Ruling: The Shulchan Aruch (CM 28:1) says that whoever can testify on his friend’s behalf and his friend has a purpose for the testimony must testify if he is demanded to do so. Even if the evidence is in written form, the possessor of the document can be compelled to produce it (ibid. 16:4). On the other hand, one who fails to testify when he should does not have to pay damages for losses his failure caused (ibid. 28:1). The Ramban explains that since the reason one has to testify is not monetary but is a mitzva to help others, he is not monetarily obligated to pay for his failure. It is similar to one who sees his friend’s lost wallet and does not return it; he too his exempt from paying. Furthermore, the Avkat Rochel (195) says that if testifying will cause one to lose money, he is not required to testify, for the aforementioned reason. One does not have to lose money in order to save money for a friend, as one’s own money comes before that of others.
The Chida deals with the question whether an invalid witness who is accepted by the litigants to testify is required to do so. He says that while the mitzva from the Torah to testify does not apply, there is a rabbinic mitzva due to the ability to help another. Even regarding the Torah obligation, the gemara (Shvuot 30b) says that if a talmid chacham knows testimony but it is a disgrace for him to go to a beit din of lesser stature than he, he is exempt. The gemara brings a proof from the parallel case, where such a person is exempt from returning a lost item.
If one finds his own lost item and his friend’s and can retrieve only one, retrieves his own (Shulchan Aruch, CM 264:1). Yet, one should do so only if the loss to himself is clear. The S’ma explains that there is a concern that one will overextend this leniency.
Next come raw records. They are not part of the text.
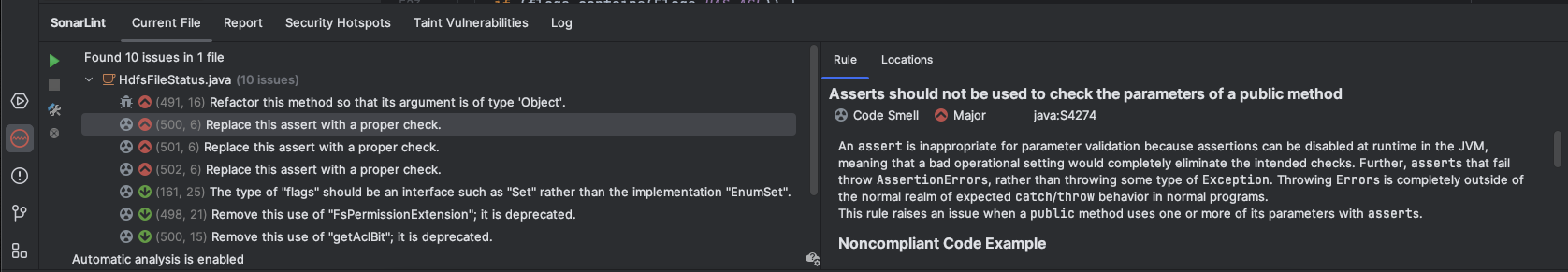 현재 작업중인 소스코드에서 검출되는 코드스멜이나 잠재적인 버그 등을 검출해준다.
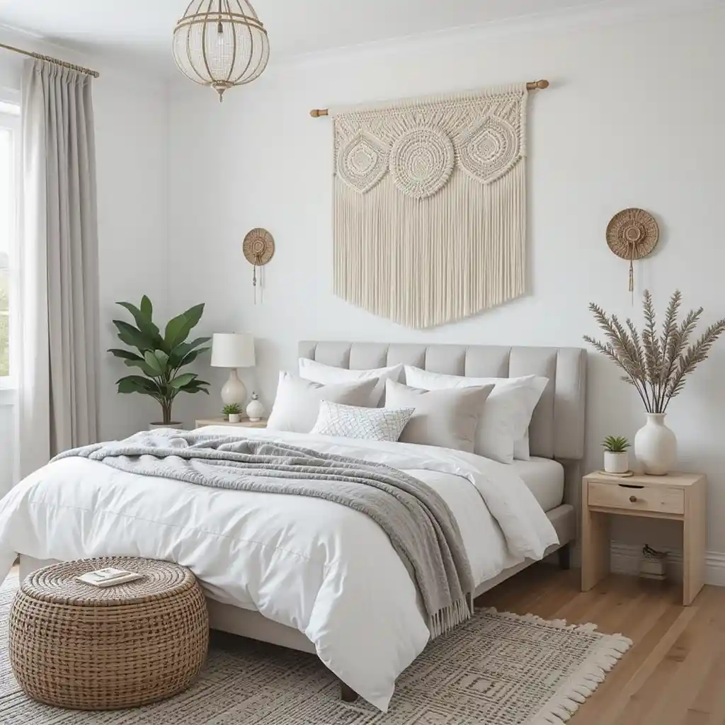 Use macramé wall hangings in off-white, mix with grey-toned throws and rattan accessories for a boho-inspired neutral room full of charm and comfort. White and Grey Bedroom
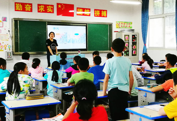 “这个谜语描述的是哪种常见的天气现象?”在地大附小501教室里,小学生们跃跃欲试举手发言,与学院的气象科普志愿者互动,学习氛围十分浓郁。
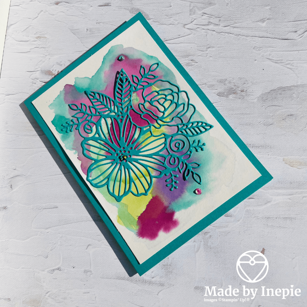 Vandaag een kaartje wat super eenvoudig is. Je maakt eerst een leuke achtergrond met water painters en inkt. Dat kan door inkt uit een inktpad op een clearblock de doen of de refills te gebruiken en dan lekker kliederen. Heb je mijn nieuwste YouTube filmpje al gezien? Daar laat ik het zien. En als ze goed droog zijn dan stempel je erop of plakt stansjes erop of je maakt een sticker met de adhesive sheets en plakt het op de achtergrond.
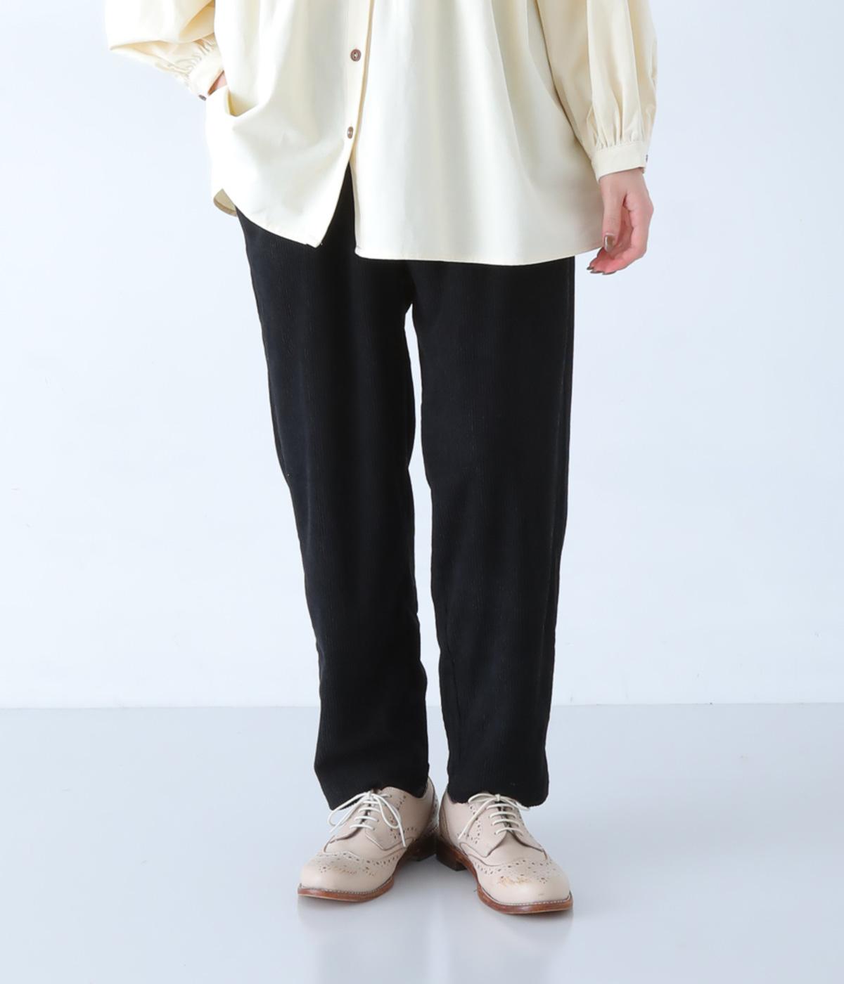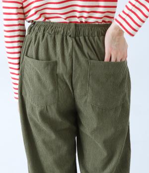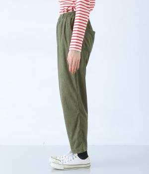 とてもやわらかく軽いはき心地のコール天素材。とろんとした落ち感があり、シルエットがきれいに出るのもうれしいポイント。やさしい肌触りが気持ちよく、季節のおしゃれの定番として活躍してくれます。

Despite the logic of the IDF’s desire for confidentiality, if beit din is given the authority to decide whether information is necessary on a case-by-case basis, the danger is small. Furthermore, public institutions are obligated to be more forthcoming for the needs of others (see Chatam Sofer, YD 239). Our case extends beyond monetary concerns, verging on saving a life, for which there are no exemptions. Therefore, beit din requires the files to be presented, not in the presence of the litigants.